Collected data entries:
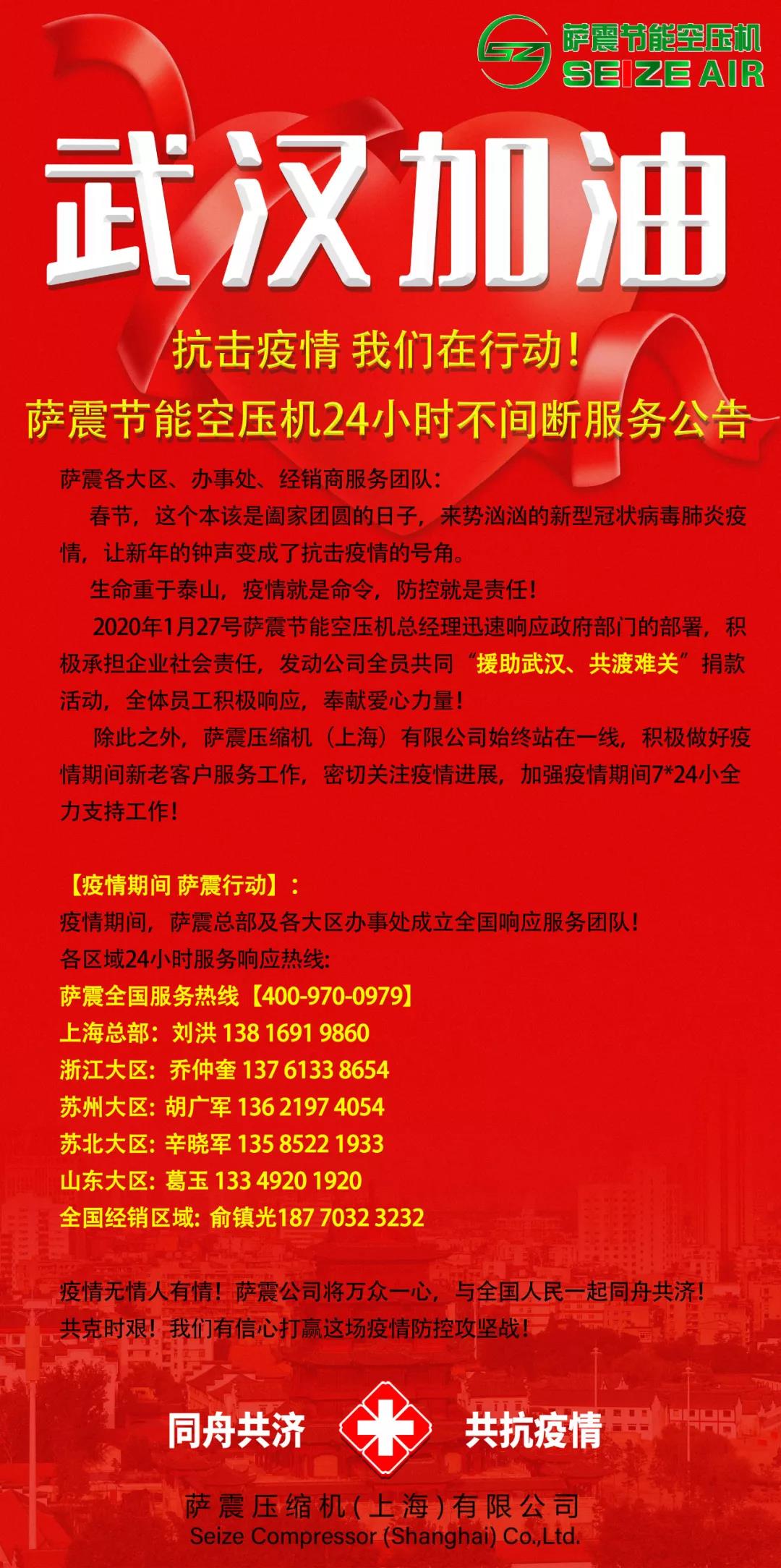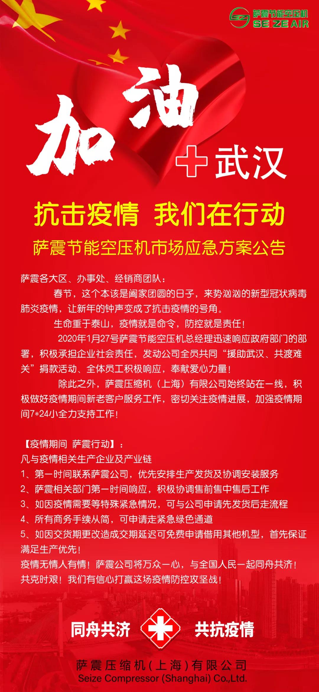 薩震節(jié)能空壓機(jī)為武漢加油-抗擊疫情,我們在行動!
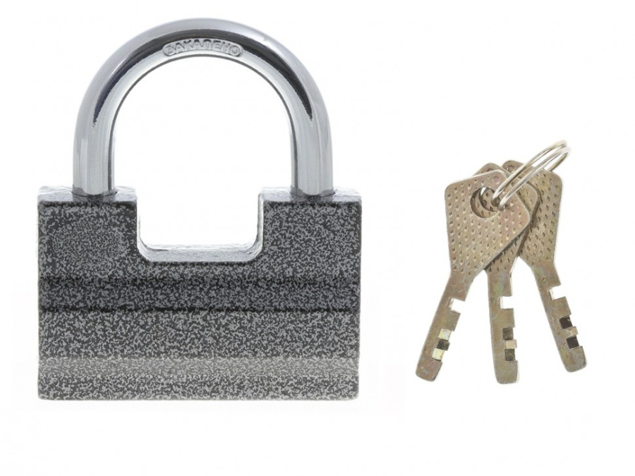 Замок повышенной защищенности со стальным корпусом и стальной закаленной дужкой. Предназначен для защиты ответственных помещений: гаражей, складов, магазинов. Имеет широкий проем дужки, что позволяет использовать их и для дверей с большим расстоянием между проушинами. Механизм секрета расположен сбоку. В комплекте 3 ключа.
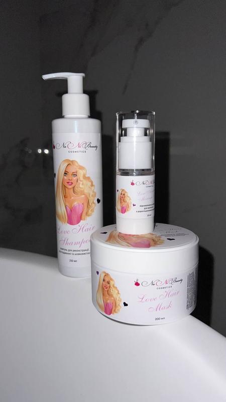 В набор входит: 🩷Маска Love для реконструкции и разглаживания волос, 200 мл. 🩷Шампунь Love для реконструкции и разглаживания волос, 250 мл. 🩷Масло для волос Love, 20 мл.
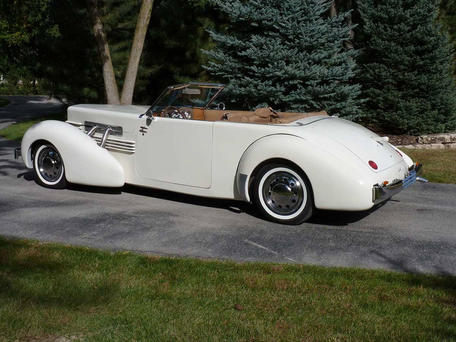 Description: A white car parked on the side of a road next to a forest of trees and grass on a sunny day.
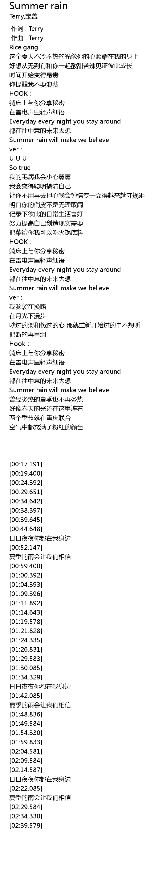 | [01:44.581] | 夏季的雨会让我们相信 |
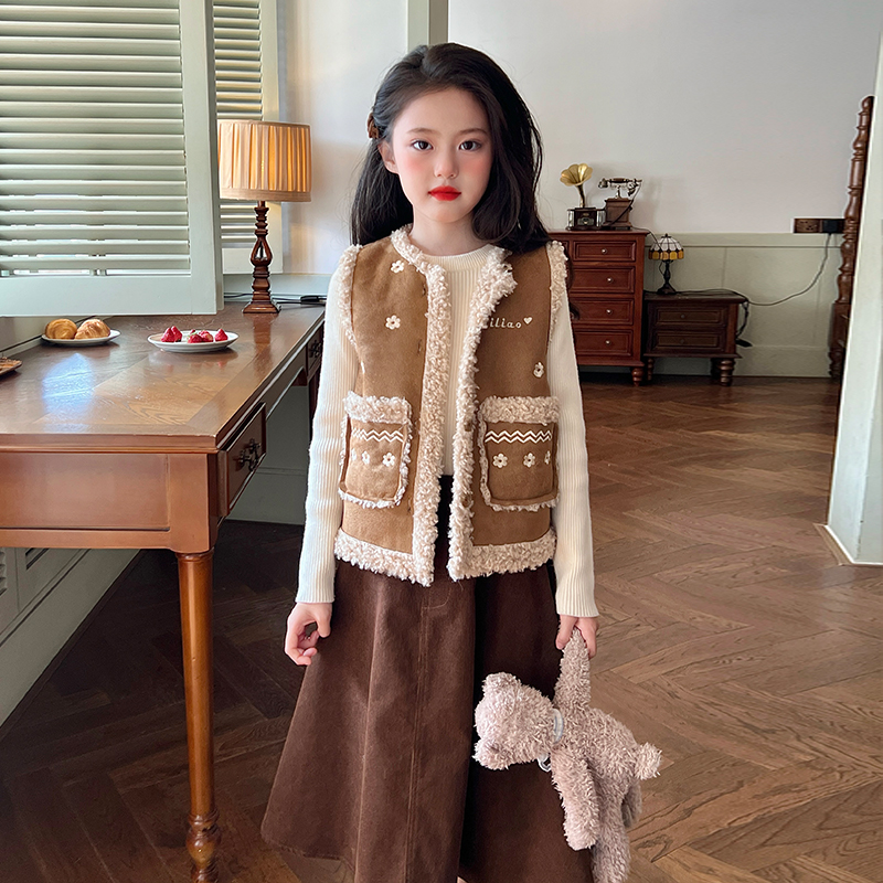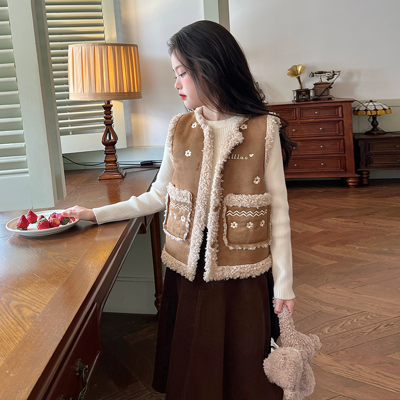 栀了成长记童装女童鹿皮绒皮毛一体马甲冬装儿童宝宝绣花背心外穿
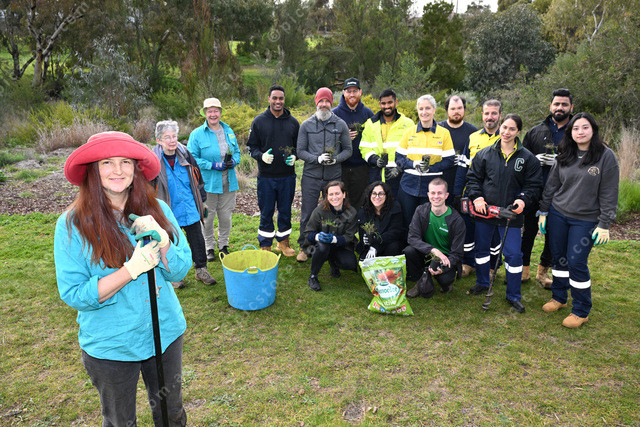 Pic of Jessica Gerger president of Friends of Kororoit Creek (front) with FKC volunteers and volunteers from AusNet. (Damjan Janevski). 494711_05
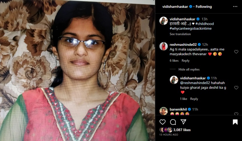 चष्मा घातलेली आणि निरासग चेहरा असलेली ही अभिनेत्री म्हणजे विदिशा म्हसकर. विदिशाने हा बालपणीचा फोटो नुकताच शेअर केला आहे. ‘हरवली आहे’ असं कॅप्शन देत तिने हा फोटो शेअर केला आहे. या फोटोवर कलाकार मंडळींसह चाहत्यांनी भरभरून प्रतिक्रिया दिल्या आहेत. ‘रंग माझा वेगळा’ मालिकेतील दीपा म्हणजे अभिनेत्री रेश्मा शिंदेने प्रतिक्रिया देत लिहीलं आहे की, अगं ती मला सापडली आहे. आता मी माझ्याकडेच ठेवणार आहे. यावर विदिशाने म्हणाली, “हाहाहा…तुझ्या घरात जागा देशील का गं?”

--- Exercise ---
Would you give the records again exactly, dropping the pictures?

--- Answer space ---
 薩震節(jié)能空壓機(jī)為武漢加油-抗擊疫情,我們在行動!
 Замок повышенной защищенности со стальным корпусом и стальной закаленной дужкой. Предназначен для защиты ответственных помещений: гаражей, складов, магазинов. Имеет широкий проем дужки, что позволяет использовать их и для дверей с большим расстоянием между проушинами. Механизм секрета расположен сбоку. В комплекте 3 ключа.
 В набор входит: 🩷Маска Love для реконструкции и разглаживания волос, 200 мл. 🩷Шампунь Love для реконструкции и разглаживания волос, 250 мл. 🩷Масло для волос Love, 20 мл.
 Description: A white car parked on the side of a road next to a forest of trees and grass on a sunny day.
 | [01:44.581] | 夏季的雨会让我们相信 |
 栀了成长记童装女童鹿皮绒皮毛一体马甲冬装儿童宝宝绣花背心外穿
 Pic of Jessica Gerger president of Friends of Kororoit Creek (front) with FKC volunteers and volunteers from AusNet. (Damjan Janevski). 494711_05
 चष्मा घातलेली आणि निरासग चेहरा असलेली ही अभिनेत्री म्हणजे विदिशा म्हसकर. विदिशाने हा बालपणीचा फोटो नुकताच शेअर केला आहे. ‘हरवली आहे’ असं कॅप्शन देत तिने हा फोटो शेअर केला आहे. या फोटोवर कलाकार मंडळींसह चाहत्यांनी भरभरून प्रतिक्रिया दिल्या आहेत. ‘रंग माझा वेगळा’ मालिकेतील दीपा म्हणजे अभिनेत्री रेश्मा शिंदेने प्रतिक्रिया देत लिहीलं आहे की, अगं ती मला सापडली आहे. आता मी माझ्याकडेच ठेवणार आहे. यावर विदिशाने म्हणाली, “हाहाहा…तुझ्या घरात जागा देशील का गं?”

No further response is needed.